Navigating Joint Tenancies and Rent Repayment Orders

122 Widdenham Road, London N7 9SQ (LON/00AU/HMF/2025/0753) concerned an application for a Rent Repayment Order (RRO) brought by several tenants against their landlord for failing to licence their HMO. In an earlier decision, the Tribunal had already determined that the offence was made out and that the appropriate repayment would be 40% of the rent paid. So far, so simple.
The complexity arose when the Tribunal flagged that the tenancy was a joint tenancy and that not all of the tenants were parties to this claim (and, indeed, the identities of some of the Defendants had changed over this period).

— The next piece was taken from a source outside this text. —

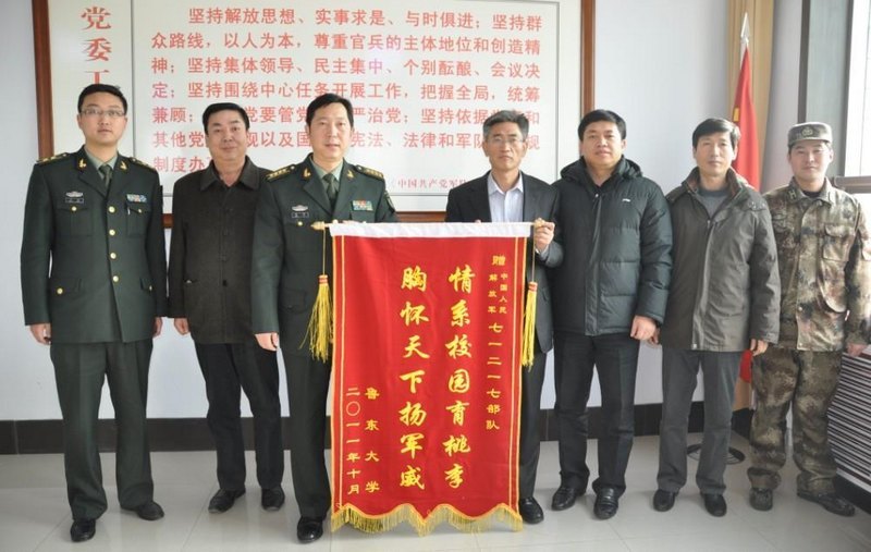 1月12日,在新春佳节即将到来之际,校党委副书记郑明珍在原武装保卫部(处)政委、后勤集团总公司总经理孙德新,武装保卫部(处)处长李景奎、政委高明福的陪同下,带着全校师生的拥军热情,到驻莱阳和福山某部队进行走访慰问,为部队官兵送去了节日的祝福和问候。驻莱阳和福山部队首长冯奕、王涛等热情接待了鲁东大学慰问团。

The Tribunal therefore sought submissions on whether all tenants must be parties to the application. By this time, the 12‑month statutory limitation period had expired, meaning the remaining joint tenants could not be added to the proceedings.
The decision
The Tribunal considered Marcus v Kwok [2024] UKUT 219 (LC), where one joint tenant recovered the rent they had paid. However, the Tribunal noted that the question of whether the other joint tenant was required to be a party to the application was not addressed. The Tribunal also considered Opara v Olasemo [2020] UKUT 96 (LC). There, the question was whether the HMO offence was made out. The FTT found that other ‘tenants’, who were not applicants and were not called to give evidence, did not occupy the property as their only or main home. The Upper Tribunal overturned this finding, saying there was sufficient evidence to be satisfied that this requirement was met beyond reasonable doubt. Again, the question of whether all tenants needed to be applicants was not raised.
The Tribunal in 122 Widdenahm Road therefore found they were not bound by authority on this point. They held that an RRO is a civil remedy and drew from CPR Pt.19 to hold that all parties entitled to a civil remedy need to be a party to proceedings. The Tribunal therefore held that it did not have jurisdiction to make an RRO and dismissed the claim.
Comment
If correct, this decision represents a significant procedural bar to RRO applications in the case of joint tenancies. It can often be difficult for all tenants to agree to bring an application, particularly where some, or all, tenants have left the property. Many such cases may involve the most vulnerable tenants, for instance, those on housing benefits renting, as described in Opara, “cheap rooms”. Given the upcoming doubling of the maximum rent repayment in the Renters’ Rights Act 2025, the sums of money at play are going to be more significant.
The decision also apparently stands at odds with Upper Tribunal authority. Whilst it is correct that the authorities cited did not directly address this issue, this latest decision seems hard to square with the consistent rulings from the Upper Tribunal that a tenant can only recover the rent they themselves paid. Indeed, in Moreira & Ors v Morrison & Anor [2023] UKUT 233 (LC), 3 of 5 joint tenants attempted to recover the full amount of the rent on the basis that they were jointly and severally liable to have paid the full amount. This was rejected, and their recovery was limited to the rent that they had in fact paid.
With respect to the Tribunal in the 122 Widdenham Road case, this line of caselaw appears to contradict its reasoning at [15], as the claim was not for repayment of joint payment by the tenants, but a claim for repayment of the rent paid by each individual applicant to proceedings. It is for the tenants to prove the amount of rent that they paid in a given case.
Landlords will, quite fairly, point to the risk of having to face multiple claims for the same property and inconsistent decisions. However, both concerns appear to be resolvable within the existing framework. Applicants must prove the rent they paid, the landlord will be a party to all claims, and Tribunal decisions are all published, meaning the risk of inconsistent decisions (and therefore landlords having to pay more than the rent actually paid) should be minimal. Likewise, if tenants bring separate applications at the same time, these can be case-managed as a single claim by the Tribunal (r.6(3)(b) of the Tribunal Rules). If brought at different times, the previous decisions being available would hopefully result in subsequent claims being easy to resolve quickly.
It is understood that an appeal is likely. Given the tension between this decision and earlier UKUT decisions, and the increasing importance of RROs under the Renters Rights Act, clarity is certainly required. In the meantime, tenants would be well advised to ensure all joint tenants are parties to an application, particularly when the 12-month limitation period may soon expire.